Those Phalanx systems are one of the coolest, most ingenious weapons systems ever created. A great idea and they sound wicked.


----------



## GTODEALER (Jan 7, 2005)

Very bad ass pics.... I wish I had stuff like that to play with.... :cheers


----------



## GMDPGGTO (Jun 2, 2005)

You can purchase a hand held(video cam style) short or long wave infrared camera for about 20K-25K from a number of companies such as FLIR or Raytheon. They produce color as well. Just remember, infrared energy is only transmitted from a surface, so it's not much good for air flow, though you can see the result of air flow temp. on a surface, but that requires experience & expertise in thermal imaging. Surface emissivity(ability of a material to emmit infrared energy) can vary greatly, causing misleading readings. A simple thermalcouple & inexpensive digital readout/voltmeter will give a much better picture of actual air temp at a given location at a specific time. Typical air inlet(air box) reading here in Arizona on a 100 deg. day at 60 mph varies between 105-120 deg. depending on the model of vehicle. It can reach 160-180 after a 15 minute idle & spike several degrees higher during a soak(eng. off). Here at the GM Desert Proving Ground we are constantly trying to find ways to lower inlet temps & still pass all the mandatory tests, such as dust & water intrusion. I have no personal experience with the GTO because the Aussies come over & perform all their own thermal developement. Hope this helps.


----------



## Groucho (Sep 11, 2004)

Great stuff- thanks for thinking of the idea and- most of all- posting it! :cheers 

Thermal imagers are indeed great fun to play with!


----------



## fergyflyer (Apr 18, 2005)

This has my vote for one of the best posts ever. Thanks.

GMDPGGTO
What have you done to lower intake temps on yours? Are your hood plugs still in, and what about the fuel rail covers? Anything with the intake?


----------



## GMDPGGTO (Jun 2, 2005)

Nothing yet, other than install a LPE CAI. It did nothing to lower air inlet temp though. Performed A/B comparison using a thermalcouple probe with readout placed in the middle of inlet tube just in front of throttle body. After stabalizing the vehicle at 65 mph for 20 min. both systems were running 5-10 deg. above the 100 deg. anbient temp. 
Waiting to see if anyone is going to offer an effective ram air system using the factory hood scoops. I'm going to buy or make a water or alcohol injection system at some point. I think those are the most effective & practical methods. Easy to make using a windshield washer system.


----------



## vmax (Mar 19, 2005)

GMDPGGTO said:


> Nothing yet, other than install a LPE CAI. It did nothing to lower air inlet temp though. Performed A/B comparison using a thermalcouple probe with readout placed in the middle of inlet tube just in front of throttle body. After stabalizing the vehicle at 65 mph for 20 min. both systems were running 5-10 deg. above the 100 deg. anbient temp.
> Waiting to see if anyone is going to offer an effective ram air system using the factory hood scoops. I'm going to buy or make a water or alcohol injection system at some point. I think those are the most effective & practical methods. Easy to make using a windshield washer system.

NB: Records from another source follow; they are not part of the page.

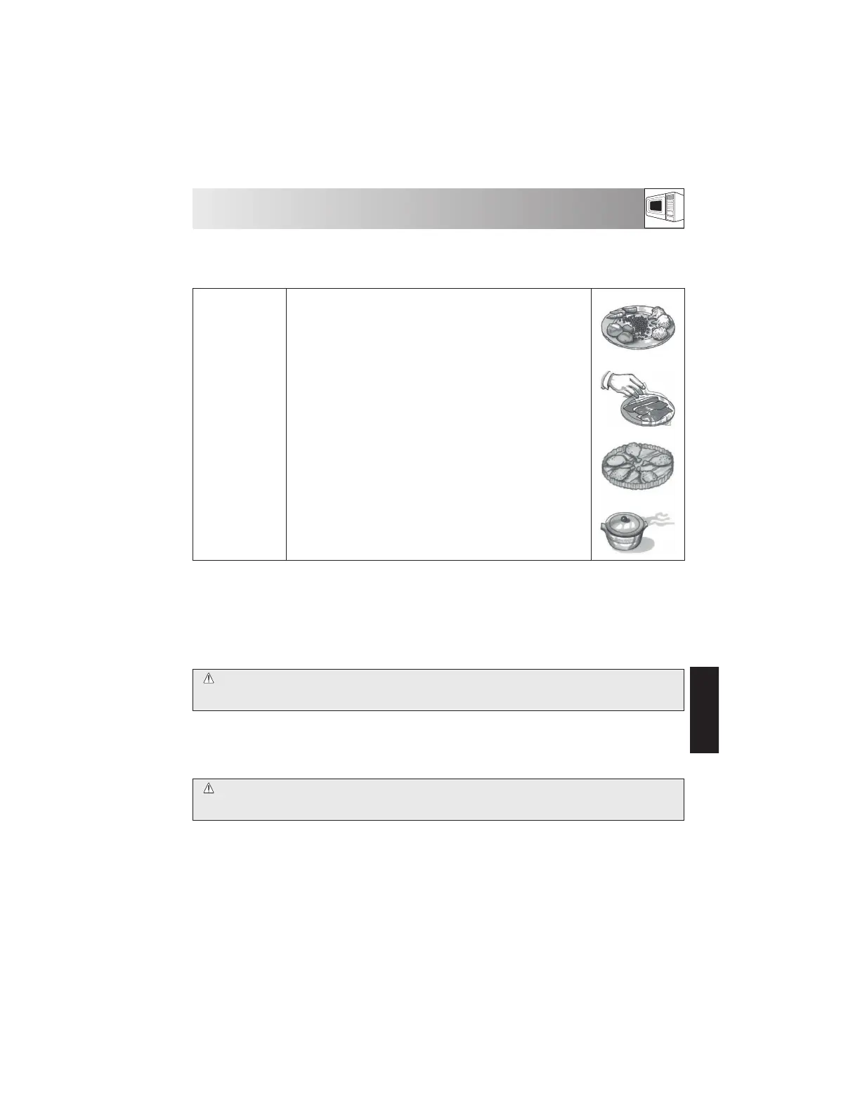 • Reheating times will be a ected by the shape, depth, quantity and temperature of food together with the
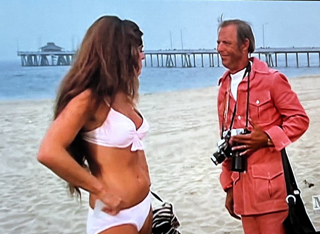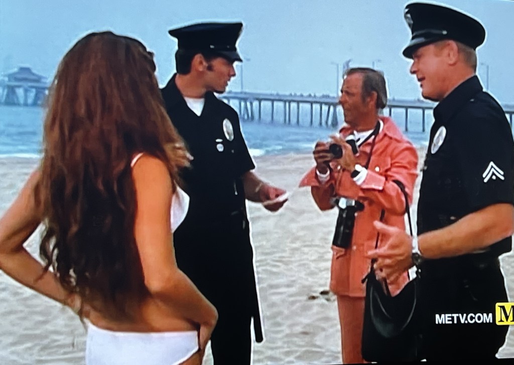 Larry Hovis from Hogan’s Heroes fame became a photographer in this role, Venice Pier is behind the actors. This “citation” is for not having her bathing suit on as cops arrived. A year later, in 1974, Venice would become a nude beach. The only one of i’s kind. A freak show of sorts, I remember well-I was 14.
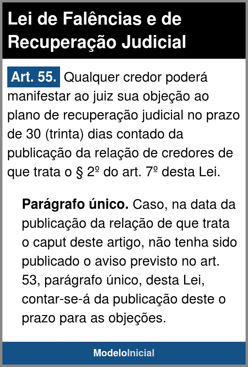 Art. 55. Qualquer credor poderá manifestar ao juiz sua objeção ao plano de recuperação judicial no prazo de 30 (trinta) dias contado da publicação da relação de credores de que trata o § 2º do art. 7º desta Lei.
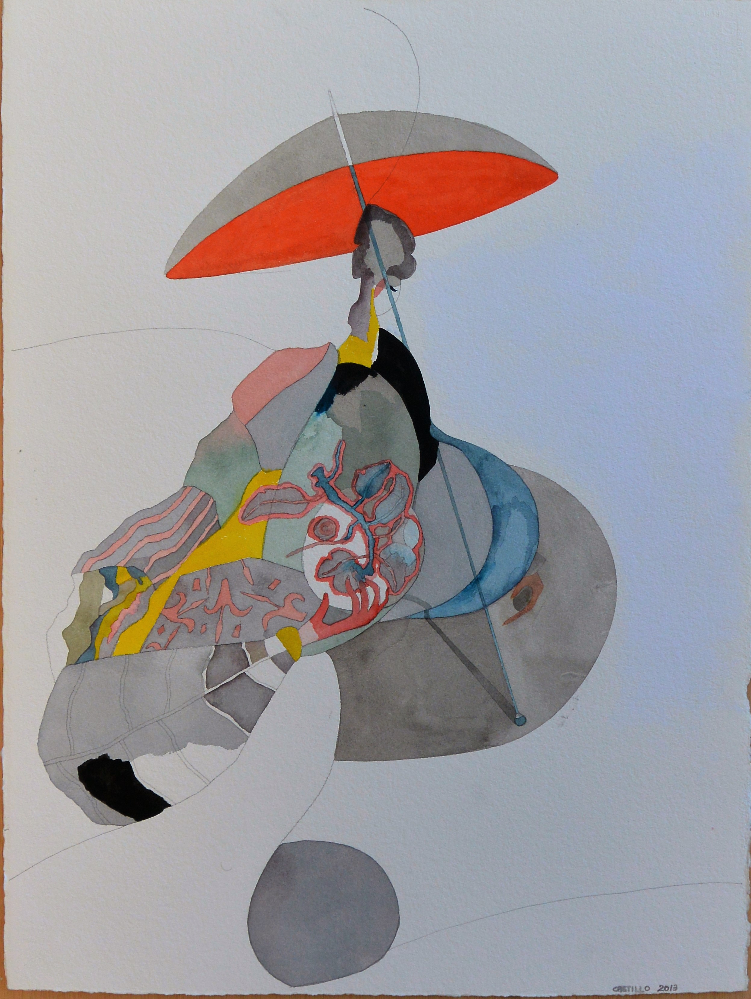 Jorge Castillo 2013, Geisha de la sombrilla, lápiz y acuarela papel artesanal, 77×58 cms.
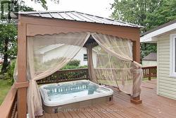 FOUR SEASON HOME - Fully Furnished 2 Bedroom / 2 Bath Bungalow in a quiet location just 2 minutes from Lake Huron. Enter into the spacious living room with an inviting fire place. Kitchen includes white cabinets, lots of counter space and a breakfast bar. Appliances included. The dining room is large enough to accommodate a large table and hutch. Bright family room with another fireplace, lots of windows and sliders to the front deck and Gazebo. Four season sunroom leads to the rear wraparound deck with a "lakeview" Hot Tub. Two decent sized bedrooms. Laundry located in the en suite. Second bathroom (4PC) includes a tub/shower. Laminate floors throughout. Propane furnace (2022). Insulated crawl space. Beautiful yard with perennial gardens. Shed with hydro includes all of the tools and lawnmower. Metal roof. Security systems with outdoor cameras. This home would suit someone looking to retire comfortably and inexpensively. Land lease will be $2600 for the first year and will increase $100/year until it reaches $3000. Band fees approx $2250/year. No conventional mortgages available for leased land. Buyers must have current police checks and proof of insurance before closing. Home cannot be rented out. Seller will have septic pumped out and inspected to meet band requirements before closing. Close to golf, restaurants, shopping and of course the stunning beaches along Lake Huron. (id:7525)
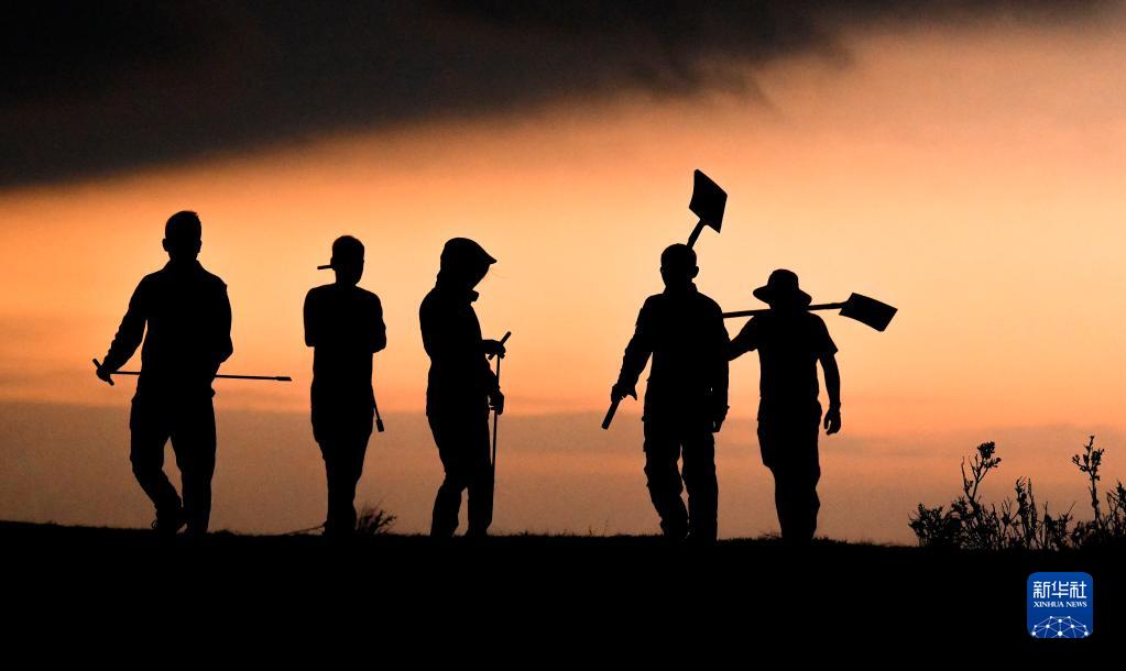 這是2022年7月26日在鄂托克前旗百萬(wàn)畝檸條種植項目區拍攝的治沙人員。

I would definitely be interested in a working ram air system. Can you expound on that water injection deal? Sounds interesting. Didn't Caddy try that years ago?


----------



## GrayGoat (Mar 5, 2005)

Here is a side by side comparrison between Cold (I drove it for a minute to get it in position) and *Very Hot after 20 minutes of city driving AND a 15 minuite heat soak with the engine off.* The air intake does show some heat, but until someone mounts a thermometer inside the intake will we really see what's going on temp wise, and I just read the post above. Someone has. Hoo_rah, Enjoy :cheers


----------



## GMDPGGTO (Jun 2, 2005)

I made one about 20 years ago when they were popular so I'm a little rusty. Either use the current system on the car or make a duplicate, then route a hose & nozzle into the air inlet. Wire in a seperate switch & your done. The tricky parts are selecting a nozzle that emits a fine even spray & placement of the nozzle. Don't yet know the implications of placing the nozzle up or down stream of the MAF on a injected system but I'm thinking it's important. I'll research it & post later unless someone else chimes in first.


----------



## hssaini (Jul 9, 2005)

Thats hot........thanks for sharing the pics.....

I personally have never seen thermal images of an engine....

Rinku


----------